**Your goal**
Where the line containing "Una vez realizado" appears, start repeating, and continue exactly through the last line below, adding nothing. Include no pictures.

[Stored items]
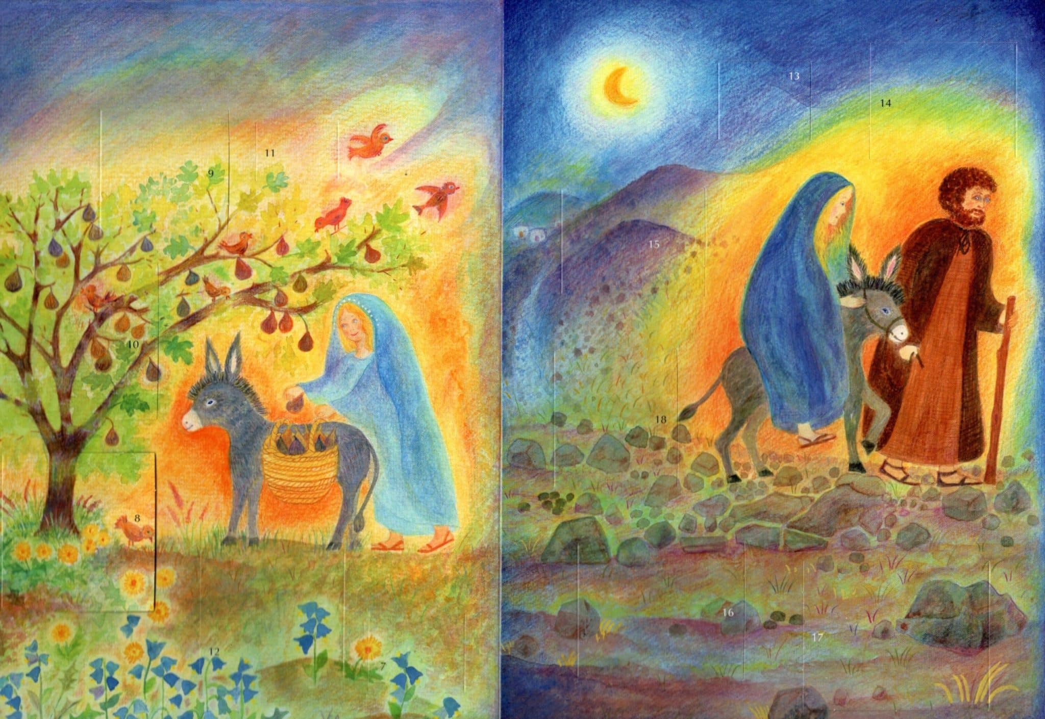 Shows the journey to Bethlehem, with children, birds, animals and shepherds, and a glimpse into Joseph’s carpentry workshop. Crib scene on the 24th of December and a bright new star is revealed on the 25th !
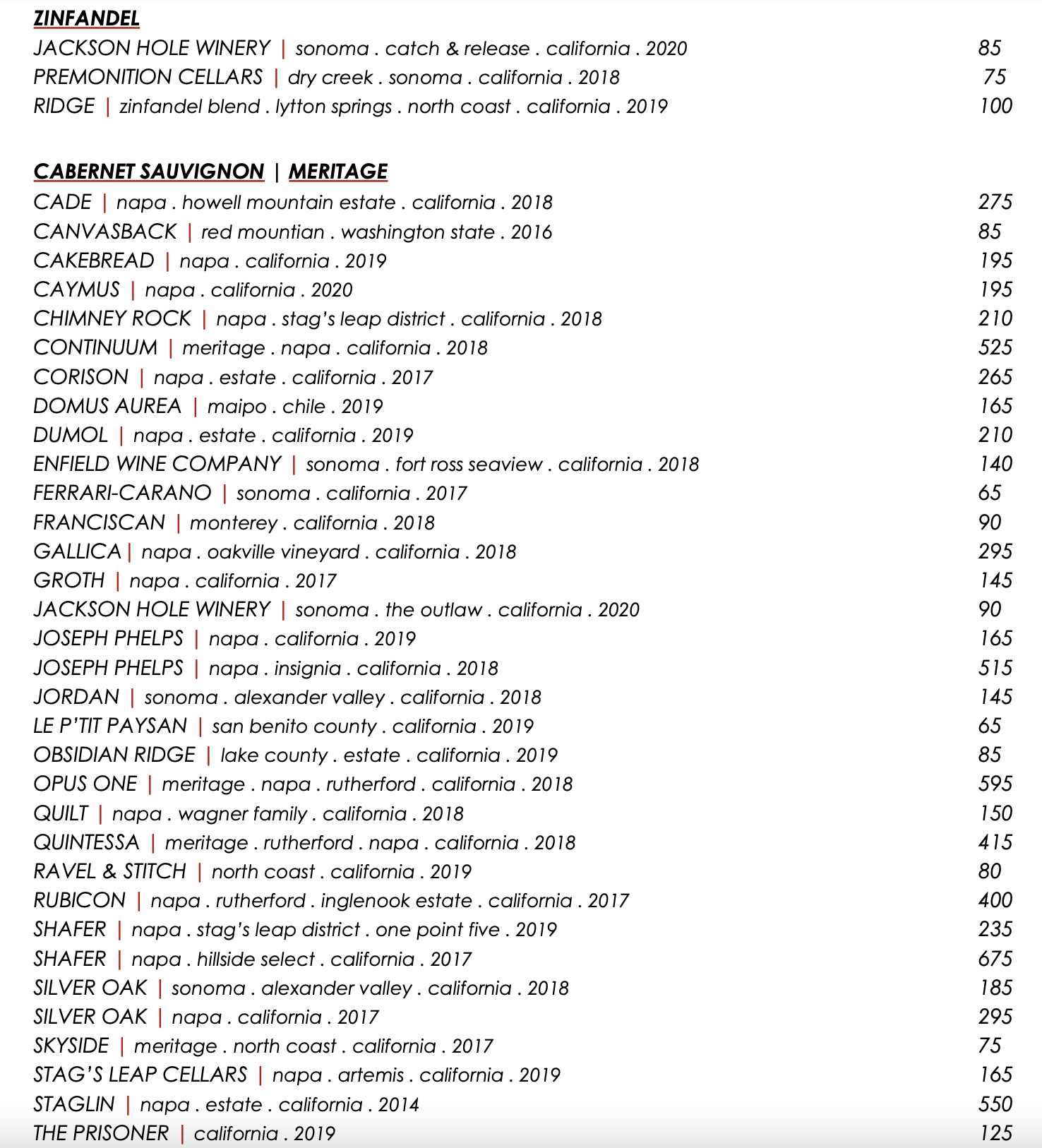 Looks like nice markups on that list. Napa Cabs are more than double retail prices.
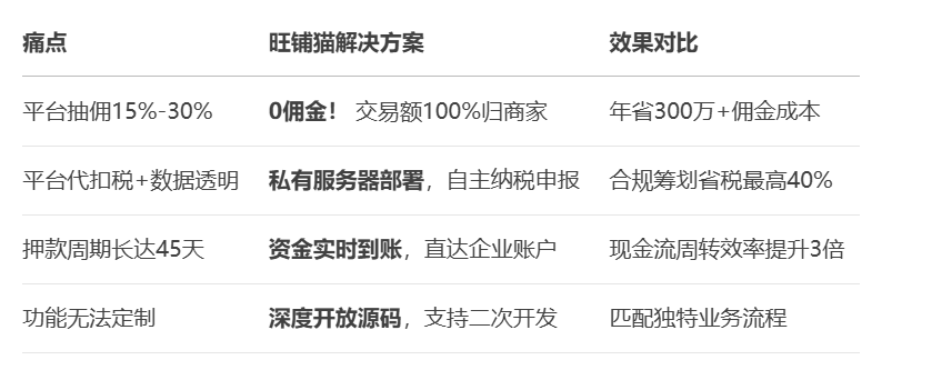 二、旺铺猫商城系统方案:免抽佣+数据自主的私域堡垒
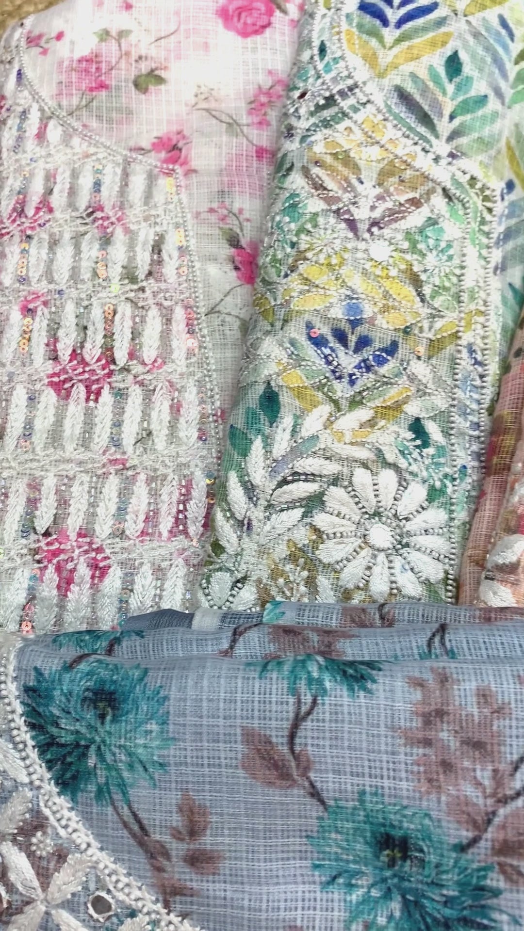 Light Blue - Nayaab Katdana Kota Printed Chikankari Full Dress Set
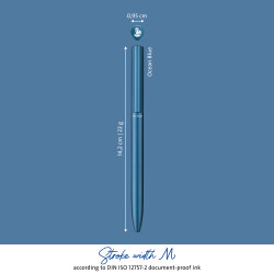 USP | Ballpoint pen with twist mechanism; Purist clipless design; Pearl anodized upper and lower part; Slim shape; Equipped with replaceable king-size refill; Blue colored and in accordance with ISO 12757-2 document-proof ink |
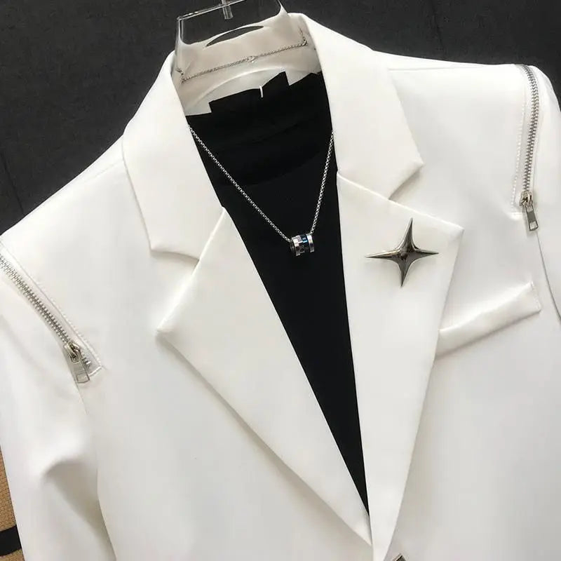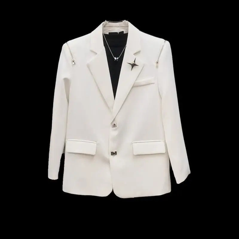Japanese Niche Design Suit Jacket Loose High-end Metal Buckle Trendy Shoulder Pad Long Sleeved Zipper Decoration Suit
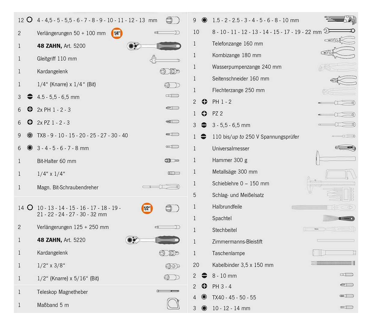Wysokiej jakości, uniwersalny zestaw narzędzi 6,3 [1/4"] + 12,5 [1/2"]
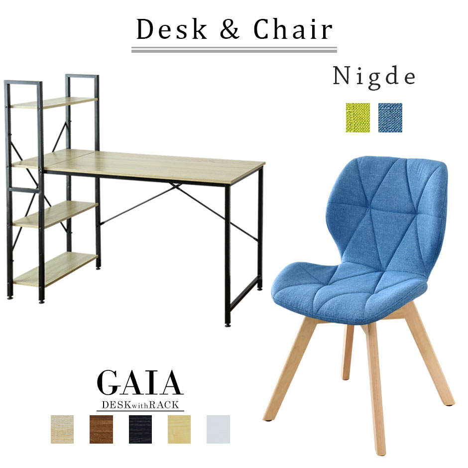 ■パソコンデスク オフィスチェア セット デスク チェア 在宅 テレワーク ラック 書棚 PC おしゃれ デザイナーズ コンパクト 北欧 ガイア
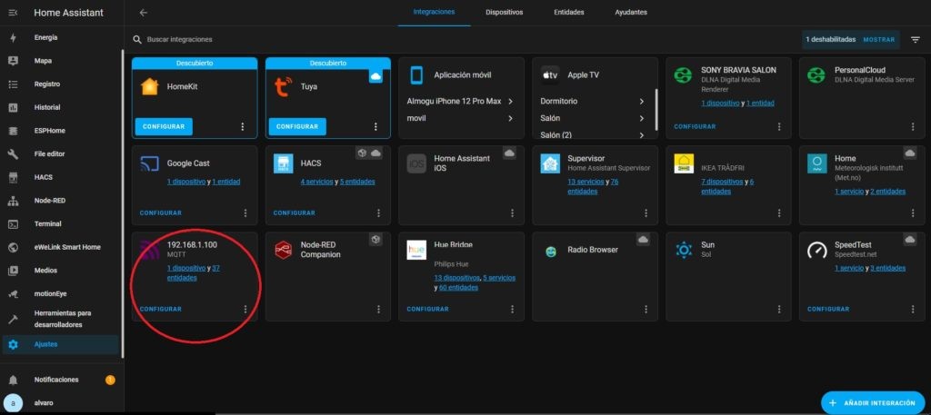 Una vez realizado todo, tendremos que ir a Ajustes–> integraciones –> mqtt
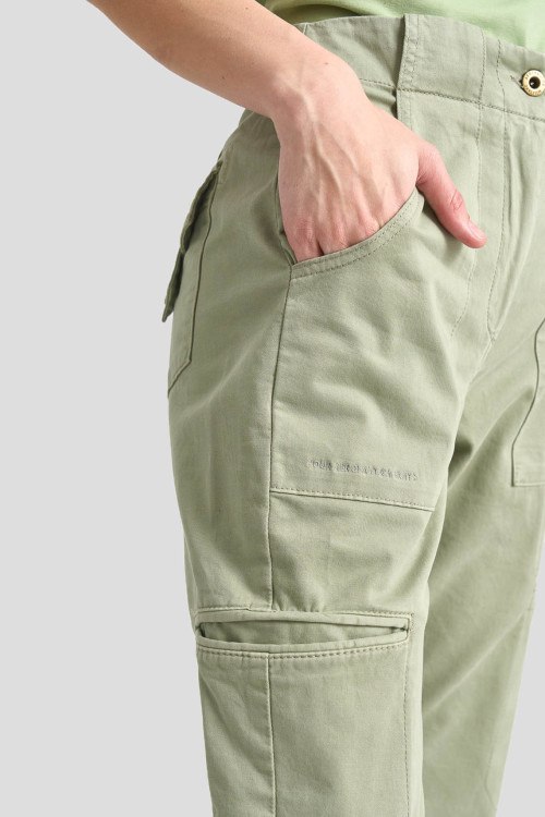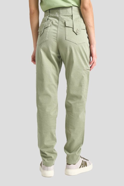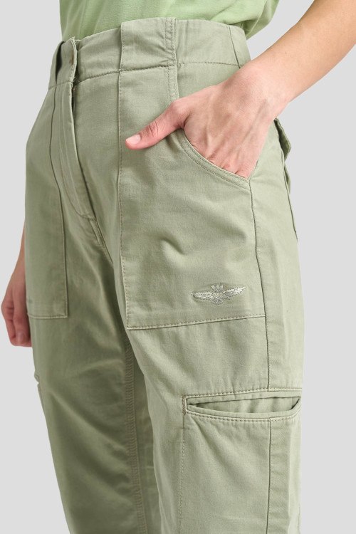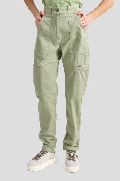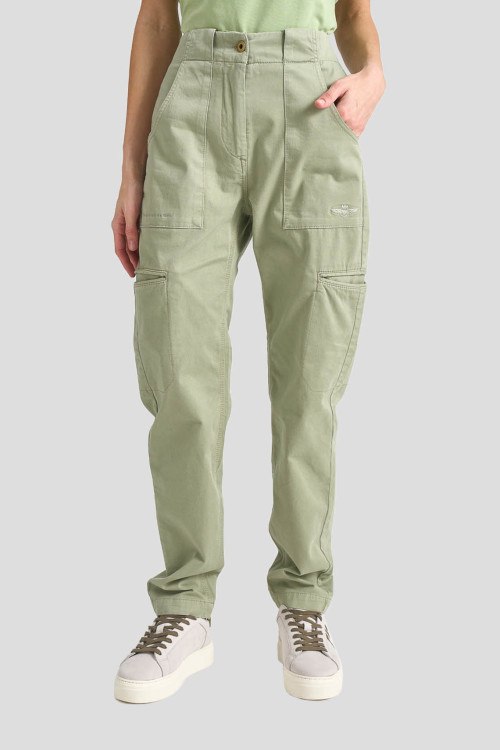 Детали: Женские светло-зеленые брюки-карго из хлопкового микса от Aeronautica Militare (Аэронавтика Милитари). Классическая длина, модель с высокой посадкой, застежка на молнию и пуговицу, шесть карманов, вышитый логотип бренда, петли в поясе для ремня

**Task response**
 Una vez realizado todo, tendremos que ir a Ajustes–> integraciones –> mqtt
 Детали: Женские светло-зеленые брюки-карго из хлопкового микса от Aeronautica Militare (Аэронавтика Милитари). Классическая длина, модель с высокой посадкой, застежка на молнию и пуговицу, шесть карманов, вышитый логотип бренда, петли в поясе для ремня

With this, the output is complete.